**EXERCISE AIM:** Each line below should be retyped exactly, with no pictures.

**SUPPLIED INFORMATION:**
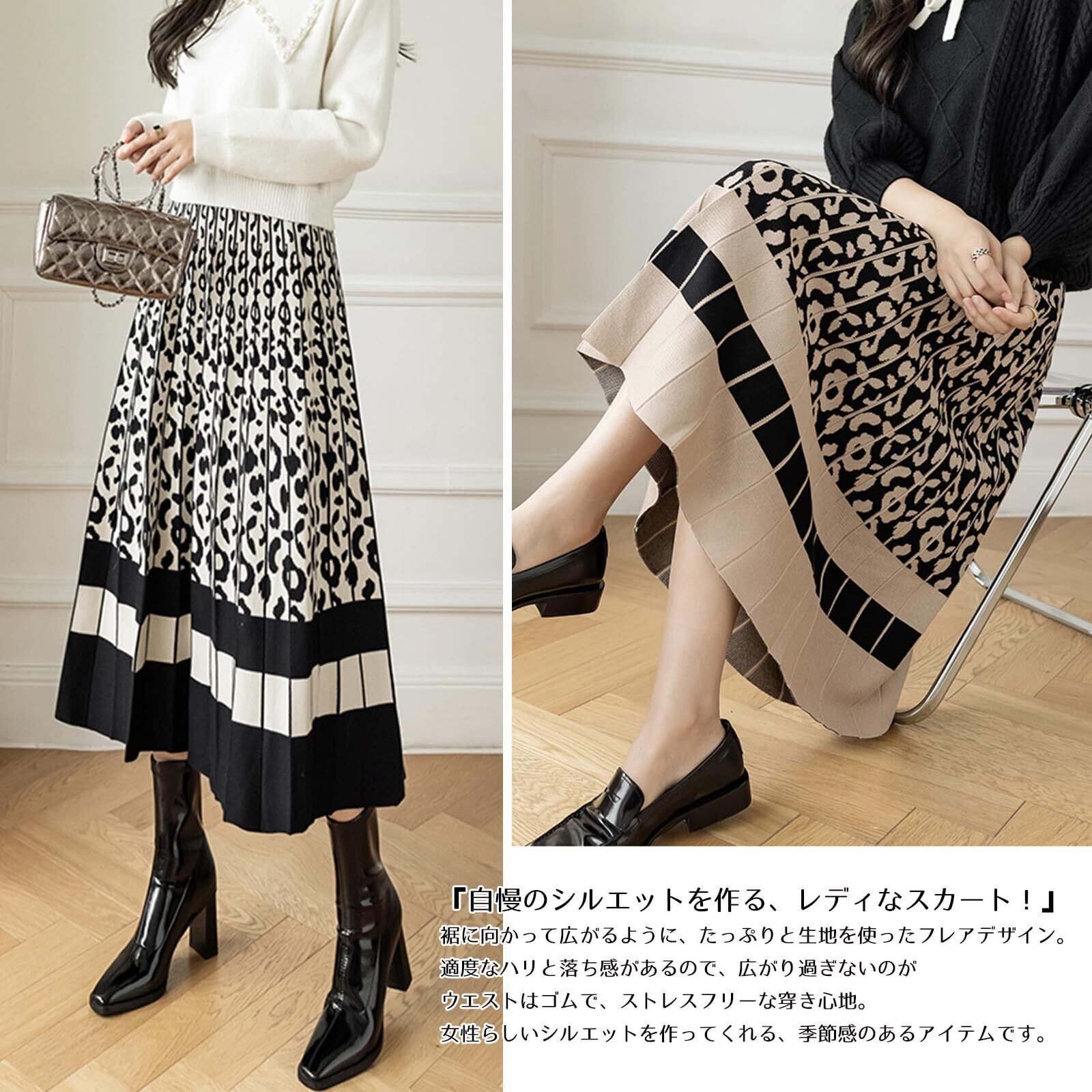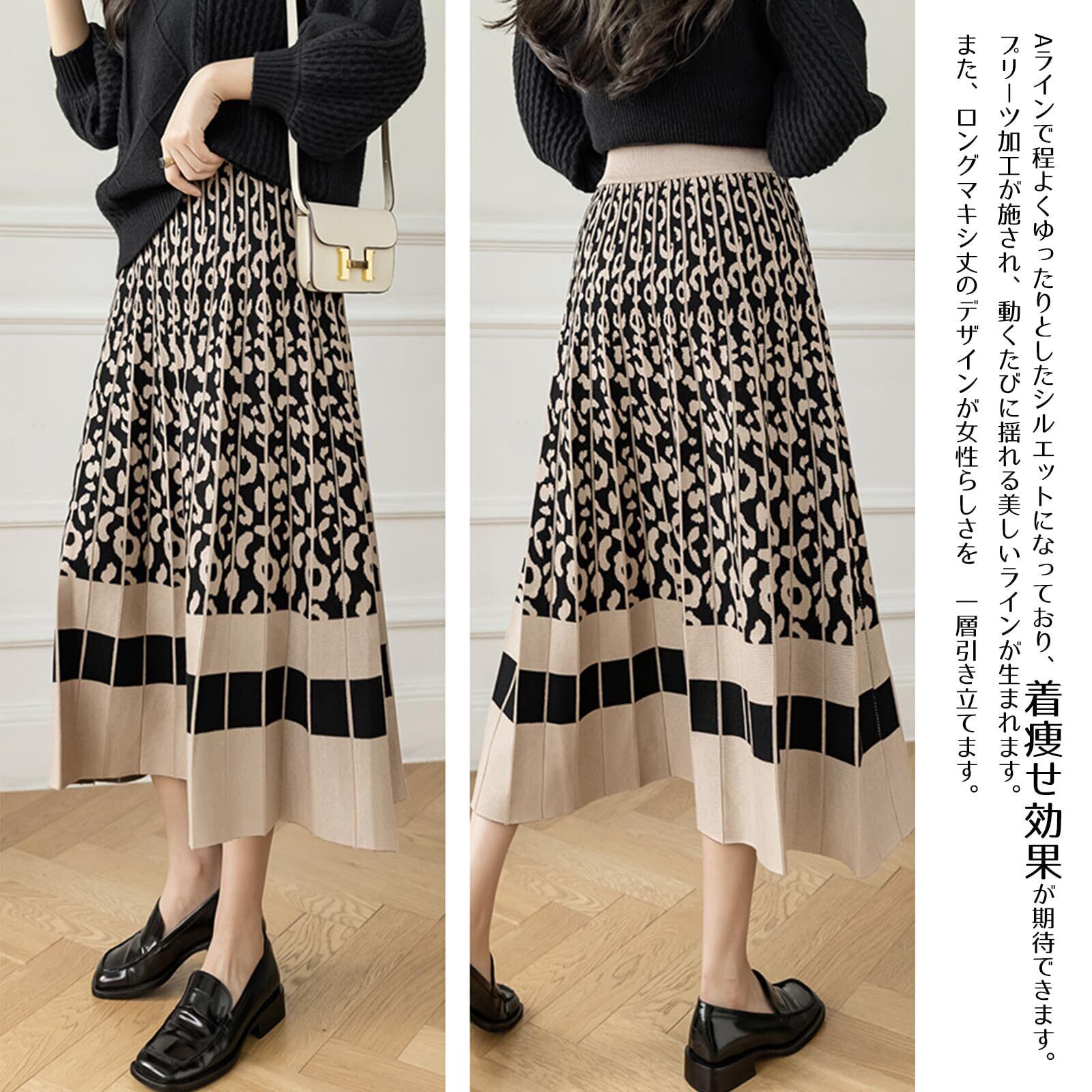 【新春セール】[RoyzTocz] プリーツスカート レディース ロング スカート ニットスカート レオパード柄 スカート 切り替え ウエストゴム ラシャ シンプル ゆったり 体型カバー おしゃれ 着痩せ 大人 ボトムス 通勤 二次会 普段着 秋 冬
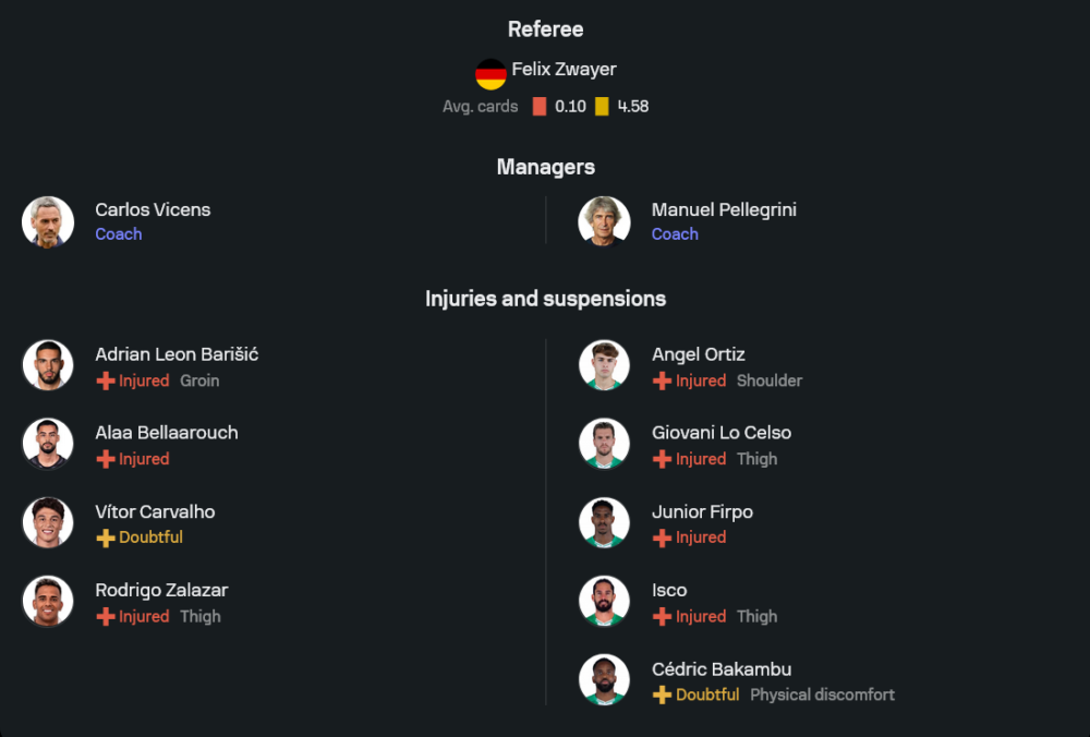 ฝั่งของ มานูเอล เปเยกรินี่ ก็มีตัวเจ็บหลายรายเช่นกัน ทั้ง อังเกล ออร์ติซ, โจวานี่ โล เซลโซ, จูเนียร์ ฟีร์โป และ อิสโก้ ที่ยังไม่พร้อมเต็มร้อย ส่วน เซดริก บากัมบู ยังต้องลุ้นสภาพร่างกาย ทำให้ชุดที่ลงสนามมีแนวโน้มยึดโครงหลักในระบบ 4-3-3 หรือขยับใกล้เคียงกัน โดยมี เบเยริน, ยอเรนเต้, นาตาน และผู้เล่นฝั่งซ้ายคอยประคองแนวรับ แดนกลางใช้ ฟอร์นัลส์, อัมราบัต และ จอห์นนี ส่วนเกมรุกฝากความหวังไว้ที่ อันโตนี่, คูโช เอร์นานเดซ และ เอซซัลซูลี่ ซึ่งยังเป็นจุดแข็งที่สุดของทีมชุดนี้
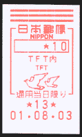 | 15:15 | ビックサイト近くにあるTFT(東京ファッションタウンビル)にある、TET内郵便局に行って、和文印、欧文印の記念押印とメータースタンプを入手する。外はそれほど暑くなく、真夏日ゼロの札幌から来ている私としては、ちょっとした暑さを求めてきたのに(暑すぎるのはパス(^^;)拍子抜け。 |
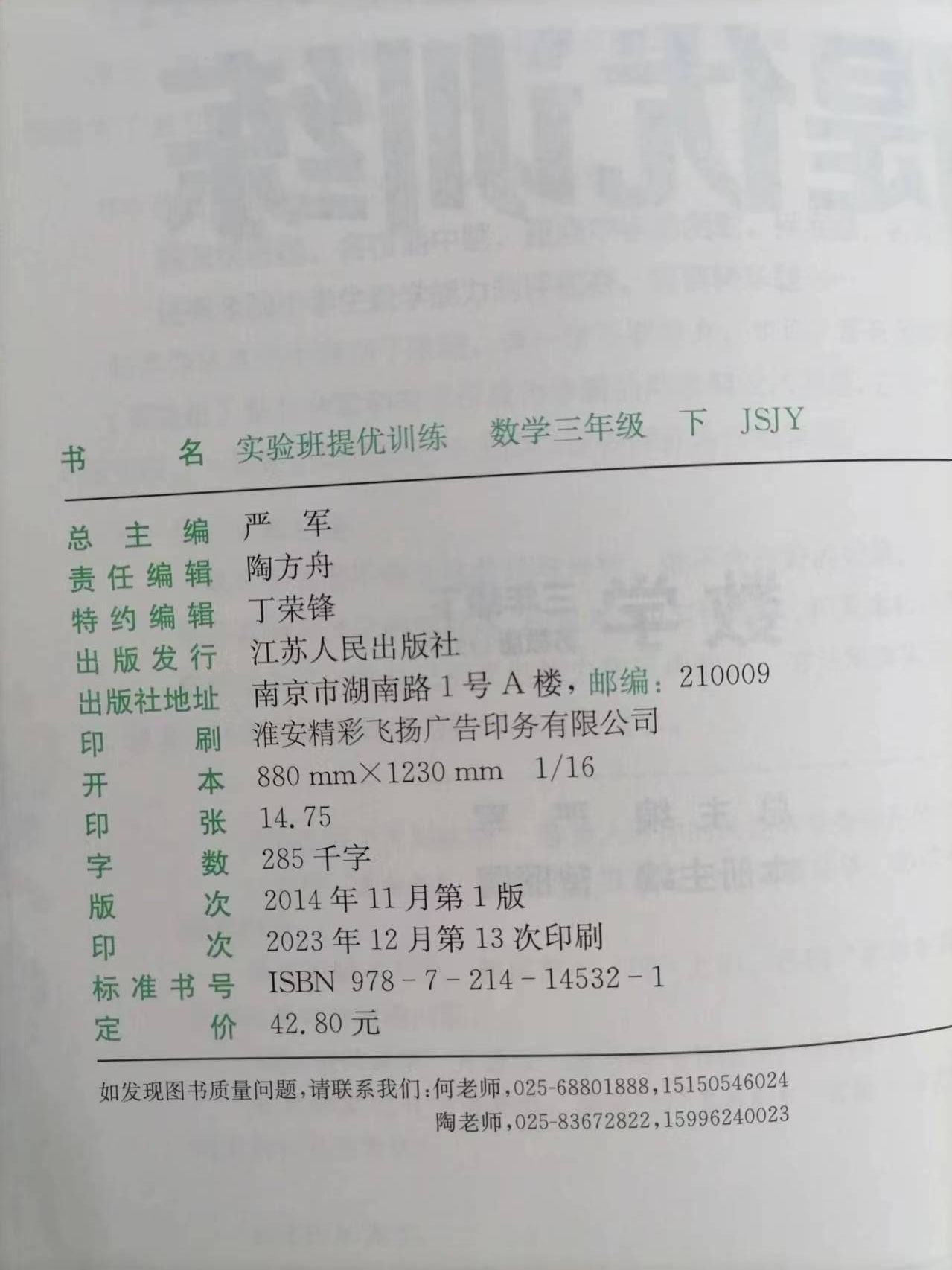 包邮 3年级下册 2024春 练习类 小学教辅练习册同步教材基础提优训练三年级同步训练 实验班提优训练三年级下册数学JSJY苏教版

**RESPONSE TO THIS TASK:**
 【新春セール】[RoyzTocz] プリーツスカート レディース ロング スカート ニットスカート レオパード柄 スカート 切り替え ウエストゴム ラシャ シンプル ゆったり 体型カバー おしゃれ 着痩せ 大人 ボトムス 通勤 二次会 普段着 秋 冬
 ฝั่งของ มานูเอล เปเยกรินี่ ก็มีตัวเจ็บหลายรายเช่นกัน ทั้ง อังเกล ออร์ติซ, โจวานี่ โล เซลโซ, จูเนียร์ ฟีร์โป และ อิสโก้ ที่ยังไม่พร้อมเต็มร้อย ส่วน เซดริก บากัมบู ยังต้องลุ้นสภาพร่างกาย ทำให้ชุดที่ลงสนามมีแนวโน้มยึดโครงหลักในระบบ 4-3-3 หรือขยับใกล้เคียงกัน โดยมี เบเยริน, ยอเรนเต้, นาตาน และผู้เล่นฝั่งซ้ายคอยประคองแนวรับ แดนกลางใช้ ฟอร์นัลส์, อัมราบัต และ จอห์นนี ส่วนเกมรุกฝากความหวังไว้ที่ อันโตนี่, คูโช เอร์นานเดซ และ เอซซัลซูลี่ ซึ่งยังเป็นจุดแข็งที่สุดของทีมชุดนี้
 | 15:15 | ビックサイト近くにあるTFT(東京ファッションタウンビル)にある、TET内郵便局に行って、和文印、欧文印の記念押印とメータースタンプを入手する。外はそれほど暑くなく、真夏日ゼロの札幌から来ている私としては、ちょっとした暑さを求めてきたのに(暑すぎるのはパス(^^;)拍子抜け。 |
 包邮 3年级下册 2024春 练习类 小学教辅练习册同步教材基础提优训练三年级同步训练 实验班提优训练三年级下册数学JSJY苏教版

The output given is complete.